OB: What does the term “lifestyle brand” mean to you?

KL: I think about this all the time. It’s the term brands are meant to aspire to, but its ubiquity has made it somewhat meaningless. I mean, Big Night is a lifestyle brand, but what does that really mean?

If I can characterize a shift in CPG over the past year or so, a lot of these brands…when it comes down to brass tacks, they’re food brands. What I mean is they’re simply something you eat and engage with in your kitchen. But as lifestyle brands, they exist on a plane far beyond the kitchen or dining room. That is what a lifestyle brand is. Brands want people to feel a passion for their products beyond the original use case. Every brand is now trying to do that.

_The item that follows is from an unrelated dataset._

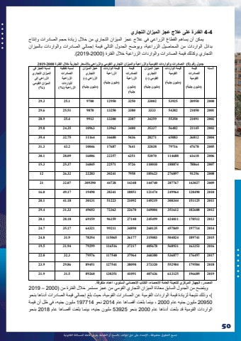 %u062c%u0645%u064a%u0639 %u0627%u0644%u062d%u0642%u0648%u0642 %u0645%u062d%u0641%u0648%u0638%u0629 %u0640 %u0627%u0625%u0644%u0639%u062a%u062f%u0627%u0621 %u0639%u0649%u0644 %u062d%u0642 %u0627%u0645%u0644%u0624%u0644%u0641 %u0628%u0627%u0644%u0646%u0633%u062e %u0623%u0648 %u0627%u0644%u0637%u0628%u0627%u0639%u0629 %u064a%u0639%u0631%u0636 %u0641%u0627%u0639%u0644%u0647 %u0644%u0644%u0645%u0633%u0627%u0626%u0644%u0629 %u0627%u0644%u0642%u0627%u0646%u0648%u0646%u064a%u062950 504-4 %u0627%u0644%u0642%u062f%u0631%u0629 %u0639%u0644%u0649 %u0639%u0627%u0644%u062c %u0639%u062c%u0632 %u0627%u0644%u0645%u064a%u0632%u0627%u0646 %u0627%u0644%u062a%u062c%u0627%u0631%u064a %u064a%u0645%u0643%u0646 %u0623%u0646 %u064a%u0633%u0627%u0647%u0645 %u0627%u0644%u0642%u0637%u0627%u0639 %u0627%u0644%u0632%u0631%u0627%u0639%u064a %u0641%u064a %u0639%u0627%u0644%u062c %u0639%u062c%u0632 %u0627%u0644%u0645%u064a%u0632%u0627%u0646 %u0627%u0644%u062a%u062c%u0627%u0631%u064a %u0645%u0646 %u062e%u0627%u0644%u0644 %u0632%u064a%u0627%u062f%u0629 %u062d%u062c%u0645 %u0627%u0644%u0635%u0627%u062f%u0631%u0627%u062a %u0648%u0625%u0646%u062a%u0627%u062c %u0628%u062f%u0627%u0626%u0644 %u0627%u0644%u0648%u0627%u0631%u062f%u0627%u062a %u0645%u0646 %u0627%u0644%u0645%u062d%u0627%u0635%u064a%u0644 %u0627%u0644%u0632%u0631%u0627%u0639%u064a%u0629%u060c %u0648%u064a%u0648%u0636%u062d %u0627%u0644%u062c%u062f%u0648%u0644 %u0627%u0644%u062a%u0627%u0644%u064a %u0642%u064a%u0645%u0629 %u0625%u062c%u0645%u0627%u0644%u064a %u0627%u0644%u0635%u0627%u062f%u0631%u0627%u062a %u0648%u0627%u0644%u0648%u0627%u0631%u062f%u0627%u062a %u0628%u0627%u0644%u0645%u064a%u0632%u0627%u0646 %u0627%u0644%u062a%u062c%u0627%u0631%u064a %u0648%u0643%u0630%u0644%u0643 %u0642%u064a%u0645%u0629 %u0627%u0644%u0635%u0627%u062f%u0631%u0627%u062a %u0648%u0627%u0644%u0648%u0627%u0631%u062f%u0627%u062a %u0627%u0644%u0632%u0631%u0627%u0639%u064a%u0629 %u062e%u0627%u0644%u0644 %u0627%u0644%u0641%u062a%u0631%u0629 ) 2000-2019 .)%u062c%u062f%u0648%u0644 %u0631%u0642%u0645 )5 )%u0627%u0644%u0635%u0627%u062f%u0631%u0627%u062a %u0648%u0627%u0644%u0648%u0627%u0631%u062f%u0627%u062a %u0627%u0644%u0642%u0648%u0645%u064a%u0629 %u0648%u0627%u0644%u0632%u0631%u0627%u0639%u064a%u0629 %u0648%u0627%u0644%u0645%u064a%u0632%u0627%u0646 %u0627%u0644%u062a%u062c%u0627%u0631%u064a %u0627%u0644%u0642%u0648%u0645%u064a %u0648%u0627%u0644%u0632%u0631%u0627%u0639%u064a %u0628%u0627%u0623%u0644%u0633%u0639%u0627%u0631 %u0627%u0644%u062c%u0627%u0631%u064a%u0629 %u062e%u0627%u0644%u0644 %u0627%u0644%u0641%u062a%u0631%u0629 2000-2019%u0627%u0644%u0633%u0646%u0629 %u0642%u064a%u0645%u0629 %u0627%u0644%u0635%u0627%u062f%u0631%u0627%u062a %u0627%u0644%u0642%u0648%u0645%u064a%u0629 )%u0645%u0644%u064a%u0648%u0646 %u062c%u0646%u064a%u0629(%u0642%u064a%u0645%u0629 %u0627%u0644%u0648%u0627%u0631%u062f%u0627%u062a %u0627%u0644%u0642%u0648%u0645%u064a%u0629)%u0645%u0644%u064a%u0648%u0646 %u062c%u0646%u064a%u0629(%u0639%u062c%u0632 %u0627%u0644%u0645%u064a%u0632%u0627%u0646 %u0627%u0644%u062a%u062c%u0627%u0631%u064a %u0627%u0644%u0642%u0648%u0645%u064a )-()%u0645%u0644%u064a%u0648%u0646 %u062c%u0646%u064a%u0629(%u0642%u064a%u0645%u0629 %u0627%u0644%u0635%u0627%u062f%u0631%u0627%u062a %u0627%u0644%u0632%u0631%u0627%u0639%u064a%u0629 )%u0645%u0644%u064a%u0648%u0646 %u062c%u0646%u064a%u0629( %u0642%u064a%u0645%u0629 %u0627%u0644%u0648%u0627%u0631%u062f%u0627%u062a %u0627%u0644%u0632%u0631%u0627%u0639%u064a%u0629 )%u0645%u0644%u064a%u0648%u0646 %u062c%u0646%u064a%u0629(%u0639%u062c%u0632 %u0627%u0644%u0645%u064a%u0632%u0627%u0646 %u0627%u0644%u062a%u062c%u0627%u0631%u064a %u0627%u0644%u0632%u0631%u0627%u0639%u064a )-( )%u0645%u0644%u064a%u0648%u0646 %u062c%u0646%u064a%u0629(%u0646%u0633%u0628%u0629 %u062a%u063a%u0637%u064a%u0629 %u0627%u0644%u0635%u0627%u062f%u0631%u0627%u062a %u0627%u0644%u0632%u0631%u0627%u0639%u064a%u0629 %u0644%u0644%u0648%u0627%u0631%u062f%u0627%u062a %u0627%u0644%u0632%u0631%u0627%u0639%u064a%u0629 )%( %u0646%u0633%u0628%u0629 %u0627%u0644%u0639%u062c%u0632 %u0641%u064a%u0627%u0644%u0645%u064a%u0632%u0627%u0646 %u0627%u0644%u062a%u062c%u0627%u0631%u064a %u0627%u0644%u0632%u0631%u0627%u0639%u064a %u0625%u0644%u0649%u0627%u0644%u0645%u064a%u0632%u0627%u0646 %u0627%u0644%u0642%u0648%u0645%u064a )%(2000 20950 53925 33002 3250 12950 9700 1.25 3.292001 21050 54382 3333 3380 13250 9870 51.25 6.292002 21091 55350 34259 3387 13300 9913 4.25 9.282003 21145 56482 35337 3400 13963 10963 35.24 8.292004 36812 65083 28271 5436 16600 11164 75.32 4.392005 47678 79716 32038 7641 17687 10046 2.43 3.312006 61618 114688 53070 6251 22257 16006 09.28 1.302007 78864 188874 110010 5726 22571 16845 37.25 3.152008 91256 276897 185623 7958 30241 22283 32.26 122009 143027 287767 144740 14348 44738 309390 07.32 212010 128490 249964 121474 18851 38341 19490 17.49 0.162011 151125 300344 149219 21092 51223 30131 18.41 1.202012 182608 351612 169004 22670 72363 49693 33.31 4.292013 178512 424011 245499 27140 96159 69159 18.28 1.282014 197714 457849 260135 34890 99211 64321 17.35 7.242015 189741 504824 315083 36177 115065 78354 9.31 8.242016 163253 568931 405678 37217 116516 79299 94.31 5.192017 176497 536877 360380 37964 117540 79576 3.32 0.222018 179584 552904 373320 38090 127541 89451 86.29 9.232019 196689 613125 407436 41091 130351 89260 5.31 9.21%u0627%u0644%u0645%u0635%u062f%u0631: %u0627%u0644%u062c%u0647%u0627%u0632 %u0627%u0644%u0645%u0631%u0643%u0632 %u064a %u0644%u0644%u062a%u0639%u0628%u0626%u0629 %u0627%u0644%u0639%u0627%u0645%u0629 %u0627%u0627%u0644%u062d%u0635%u0627%u0621%u060c %u0627%u0644%u0643%u062a%u0627%u0628 %u0627%u0627%u0644%u062d%u0635%u0627%u0626%u064a %u0627%u0644%u0633%u0646%u0648 %u064a %u060c %u0627%u0639%u062f%u0627%u062f %u0645%u062a%u0641%u0631%u0642%u0629. %u0648%u064a%u062a%u0636%u062d %u0645%u0646 %u0627%u0644%u062c%u062f%u0648%u0644 %u0627%u0644%u0633%u0627%u0628%u0642 %u0645%u0639%u0627%u0646%u0627%u0629 %u0627%u0644%u0645%u064a%u0632%u0627%u0646 %u0627%u0644%u062a%u062c%u0627%u0631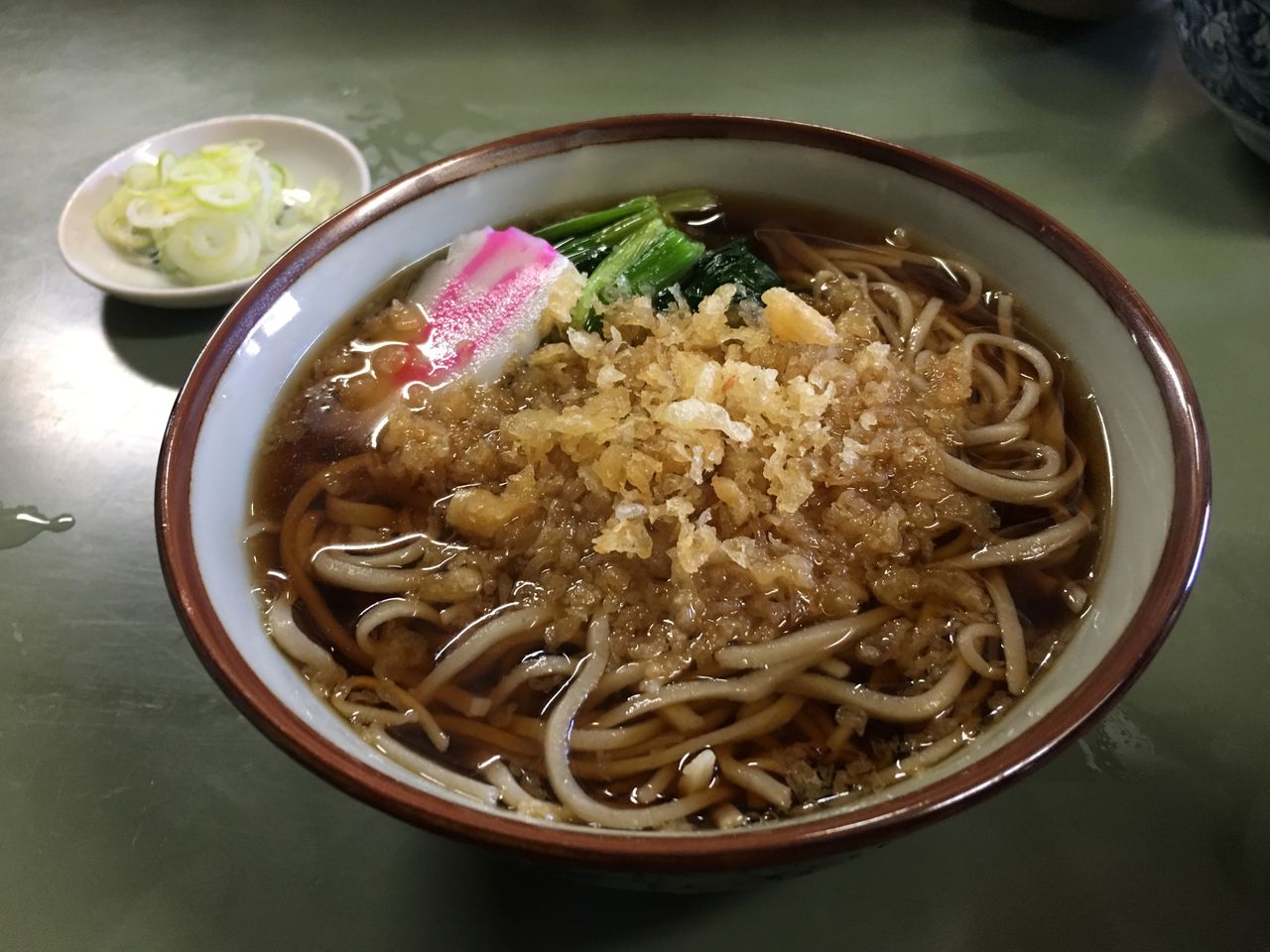 ちょいと小ぶりな丼に、ナルトにほうれん草の入った豪華なたぬきそば。ねぎは別盛りってのもうれしいサービスです。

OB: You stock home goods and pantry goods. I’ve seen Fishwife in bookstores, Fly by Jing in home goods stores that have no other food items. What’s going on?

KL: I just took a trip to Hudson, which has become a sort of shopping mecca. Walking down Warren St., the main drag, I saw pantry brands and products in 75% of these stores, even if they don’t otherwise sell pantry goods. That wasn’t the case even a year ago.

As I’ve said, I think the pandemic isolation contributed to people becoming passionate fans of these brands. As it’s become normal to go out into the world again, people want to interact with these brands — to pick up the products, to hold them. Brands that have transcended beyond the original use case bring passionate fans to the stores that stock them.

Key takeaways 🥂

  • How should CPG brands think about retail? Embrace it, especially boutiques like Big Night. These are intimate, curated spaces that give your audience a space to connect with your brand in the real world.

  • Are you organizing a branded event? Nothing is more important than creating at atmosphere people actually want to be in — a place where they can laugh, eat, drink, and be merry. That’s what guests will remember

  • With the above advice said, the next thing to prioritize for brand events (if your business is primarily DTC/e-comm) is the physical experience of your product. Elevate every single aspect of the product that a screen can’t translate.

  • Are you a retail business looking to dip into e-comm? Be intentional. Don’t jump the gun. Identify the magic aspects of your physical space — how can you reverse-engineer those for people across the world?